Over the past two years, both companies have faced rather strong headwinds. Rovi has struggled to secure major operator deployments, has seen its service provider IP-licensing business flat-line, has endured a sustained decline in its consumer-electronics licensing business, has experienced declining sales, and — by losing a high-profile infringement claim against Netflix — has had five key patents invalidated (encompassing content search, content filtering, and content recommendation based on viewing history).
TiVo’s consumer-hardware business is declining, the company has also struggled to amass new, large-scale operator deployments, and the company has witnessed its own IP-licensing fortunes plateau. Moreover, TiVo expects its entire IP-licensing business to contract by two orders of magnitude, and decline into irrelevance, by the mid-2020s.
The good news is that the two firms collectively preside over an invaluable set of media company relationships, and most importantly, they have at their disposal an ensemble of products with capabilities and underlying technology that are widely perceived to be peerless. Rovi possess a superlative search-and-recommendation product, has made major investments in its set-top based consumption analytics platform, and has a stranglehold on the content metadata that huge swaths of the media industry rely on to offer personalisation and recommendation features. TiVo’s UI is the standard-bearer for seamlessly navigating walled-garden and third-party OTT content.

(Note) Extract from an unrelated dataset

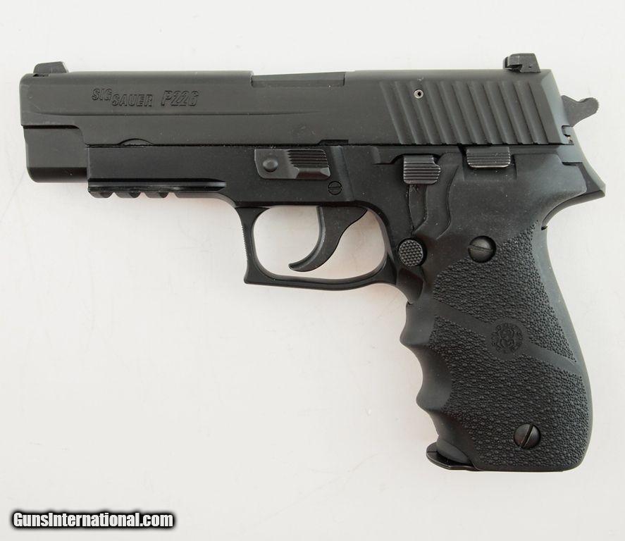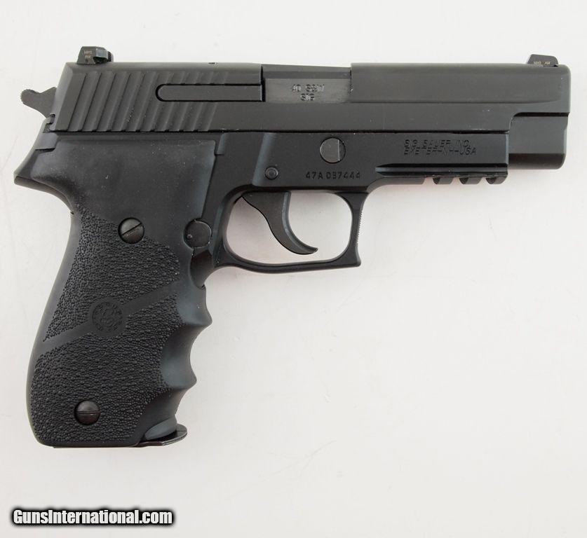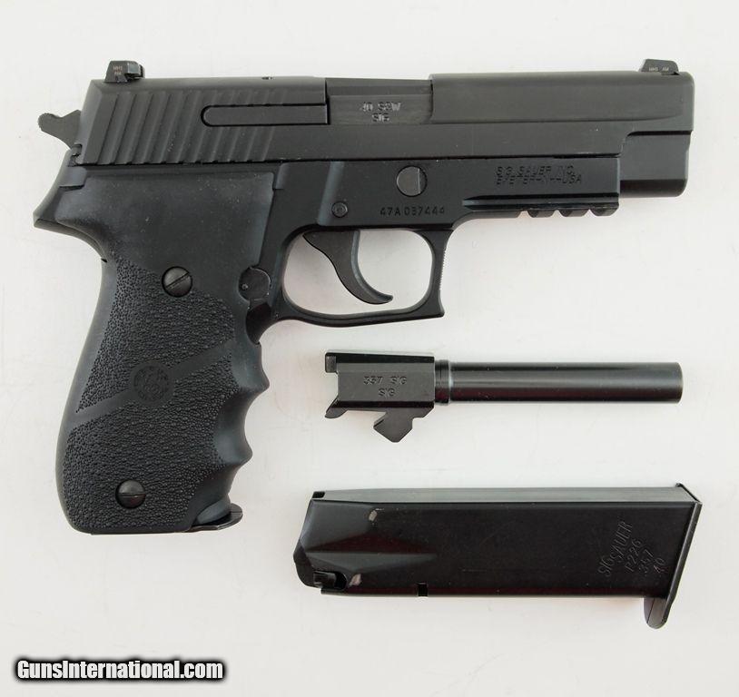 Description: SigSauer P226-40-BSS WBox .40 S&W Barrel & .357 Sig Barrel, 4 1/4" bbl, bright shiny bore, good rifling, night sights, black finish, two 12 round magazines, and black textured Hogue grips. Add 3% for Credit Card Shipping $25.00 SOLD |

The company’s own recommendation platform is strong, and the firm’s subsidiary – TiVo Research – already provides multi-device, cross-platform audience data and consumption analytics to agencies, advertisers, and programmatic ad exchanges.
These complementary strengths will allow the combined entity to pursue the following three overarching opportunities:
1. Acquisition provides the means to address major changes in the types of technologies that media companies demand. Operators in particular cannot continue to rest their future fortunes on the sale of large, monolithic channel bundles. The structure of media distribution has changed, and with it the role of uncertainty. In the face of structural demographic change, new consumption behavior, the oversupply of choice, and the trend toward micro bundling, pay TV will require unprecedented insight into its audience: what it wants, to whom it should sell, and what it should sell. The future pay TV business will be anchored in analytics, and the new TiVo will be uniquely positioned to address this shift in technology demand.
2. The new TiVo will possess a client footprint of the highest calibre. Spanning Dish Network, DirecTV, AT&T, Verizon, Time Warner Cable, Com Hem, Korea Telecom, Samsung, LG, Panasonic, SK Broadband, ONO, Sharp, and Virgin Media and others, the new entity’s search, recommendation, UI, metadata, analytics, and advertising business will be well equipped to generate new value from an addressable market that is so strong.
3. The deal remains predicated on the companies’ conviction that their combined intellectual property portfolio will bolster a flagging revenue stream. This conviction shows chinks in its armor, however. Over the last eight quarters, Rovi’s average quarter-over-quarter IP-licensing income has contracted by 3 percent. TiVo largely anticipates that its licensing income will disappear altogether in 2020. While Rovi announced a major licensing deal with Intellectual Ventures (IV) this year – effectively becoming IV’s exclusive media-and-entertainment focused channel partner – the agreement is largely orthogonal to the TiVo acquisition. It is difficult to foresee how TiVo’s patent portfolio will materially change Rovi’s IP-licensing opportunities.